- **ASSIGNED TASK**
Your answer must be only the lines below from the one containing "Within the modern" through the one containing "10mm extraclear bent", copied exactly, with the pictures left out.

- **PROVIDED DATA**
----

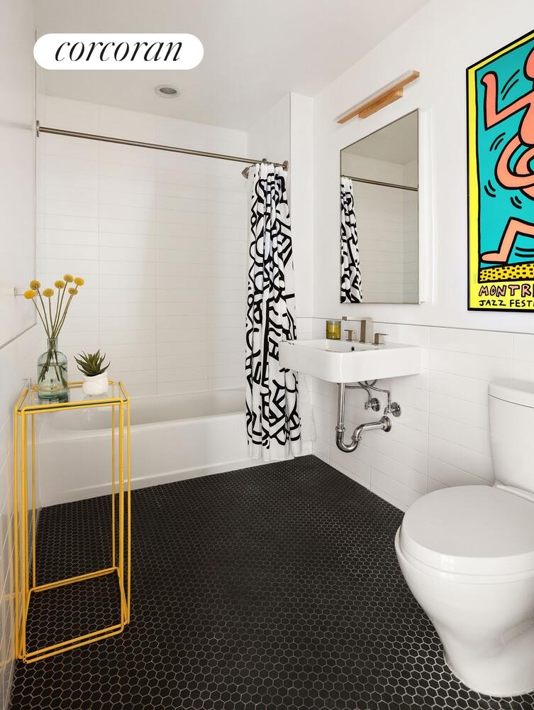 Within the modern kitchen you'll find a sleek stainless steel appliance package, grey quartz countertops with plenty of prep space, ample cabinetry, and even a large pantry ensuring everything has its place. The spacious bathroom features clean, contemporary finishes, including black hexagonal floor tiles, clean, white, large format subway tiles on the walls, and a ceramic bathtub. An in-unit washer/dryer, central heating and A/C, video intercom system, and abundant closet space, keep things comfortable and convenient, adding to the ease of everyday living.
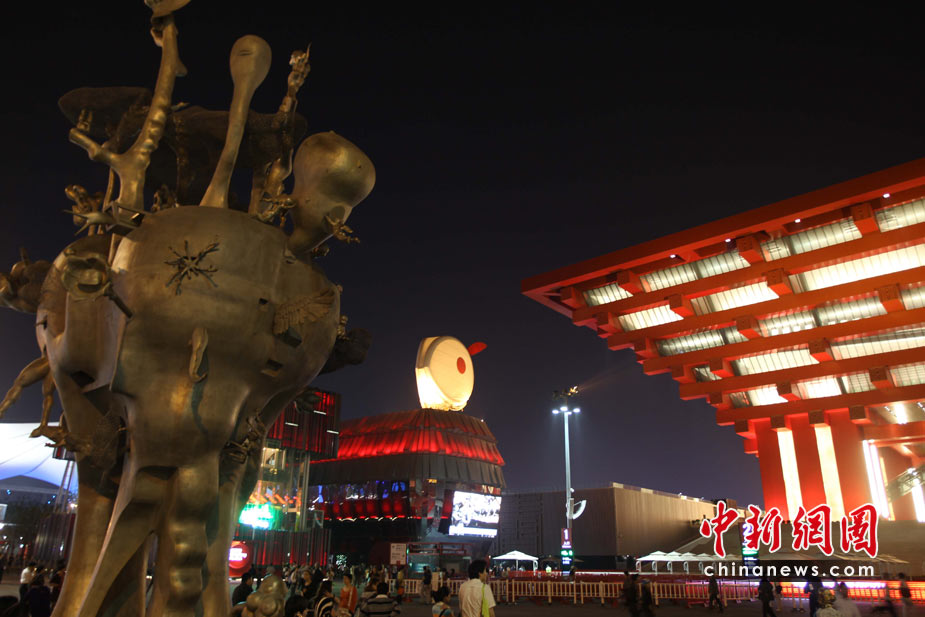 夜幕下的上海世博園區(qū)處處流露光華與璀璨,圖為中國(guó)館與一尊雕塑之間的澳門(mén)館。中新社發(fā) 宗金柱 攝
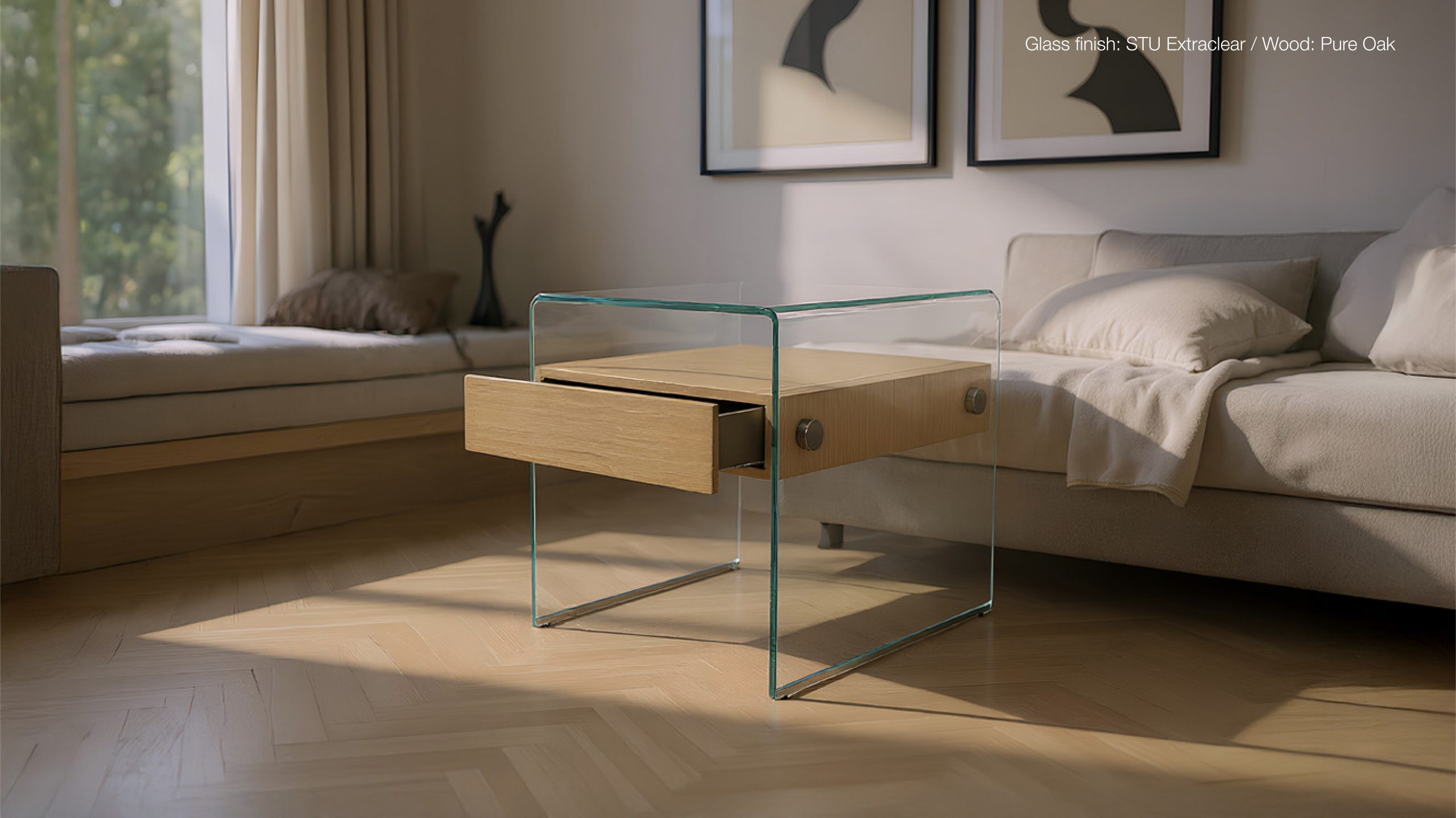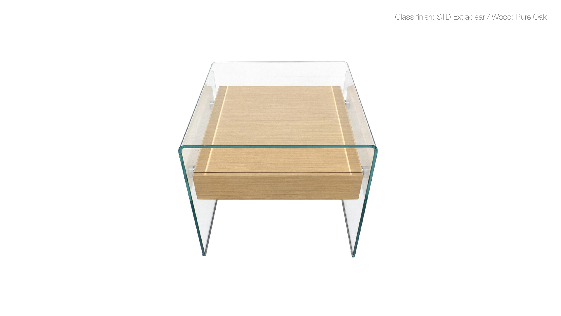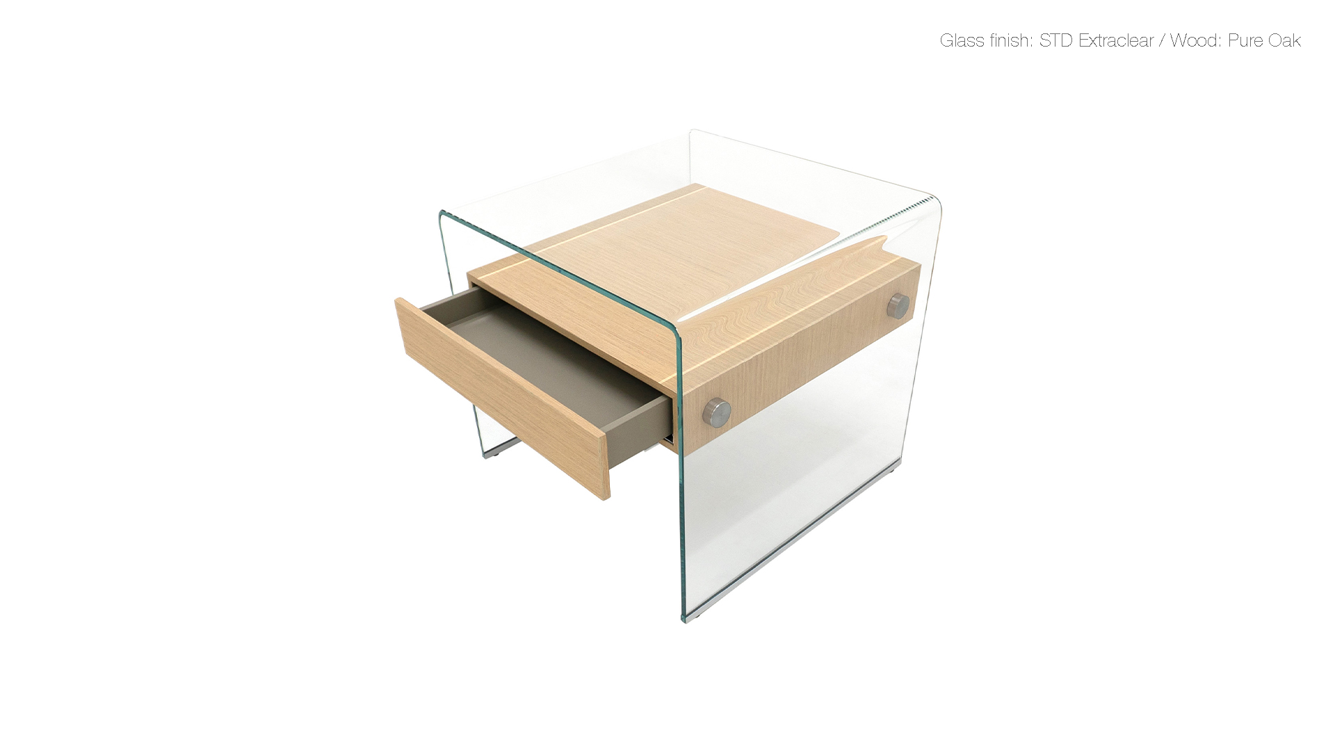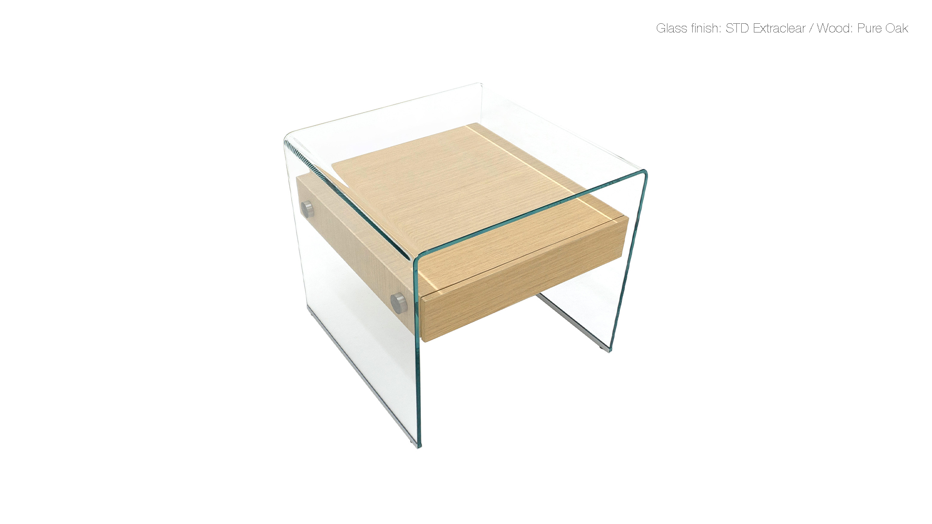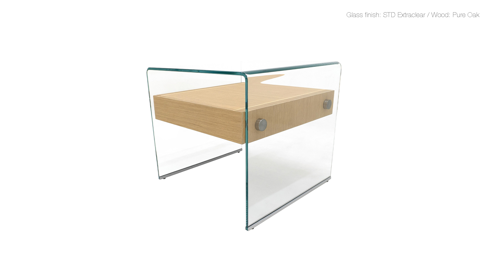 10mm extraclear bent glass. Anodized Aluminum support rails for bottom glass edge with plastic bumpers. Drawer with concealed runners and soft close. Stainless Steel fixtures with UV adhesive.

----

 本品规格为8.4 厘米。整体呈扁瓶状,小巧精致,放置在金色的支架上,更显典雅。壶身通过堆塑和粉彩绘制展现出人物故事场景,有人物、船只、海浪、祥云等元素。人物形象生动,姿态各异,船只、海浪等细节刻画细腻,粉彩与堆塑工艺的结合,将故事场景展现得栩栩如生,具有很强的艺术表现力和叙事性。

----

- **OUTPUT BELOW**
 Within the modern kitchen you'll find a sleek stainless steel appliance package, grey quartz countertops with plenty of prep space, ample cabinetry, and even a large pantry ensuring everything has its place. The spacious bathroom features clean, contemporary finishes, including black hexagonal floor tiles, clean, white, large format subway tiles on the walls, and a ceramic bathtub. An in-unit washer/dryer, central heating and A/C, video intercom system, and abundant closet space, keep things comfortable and convenient, adding to the ease of everyday living.
 夜幕下的上海世博園區(qū)處處流露光華與璀璨,圖為中國(guó)館與一尊雕塑之間的澳門(mén)館。中新社發(fā) 宗金柱 攝
 10mm extraclear bent glass. Anodized Aluminum support rails for bottom glass edge with plastic bumpers. Drawer with concealed runners and soft close. Stainless Steel fixtures with UV adhesive.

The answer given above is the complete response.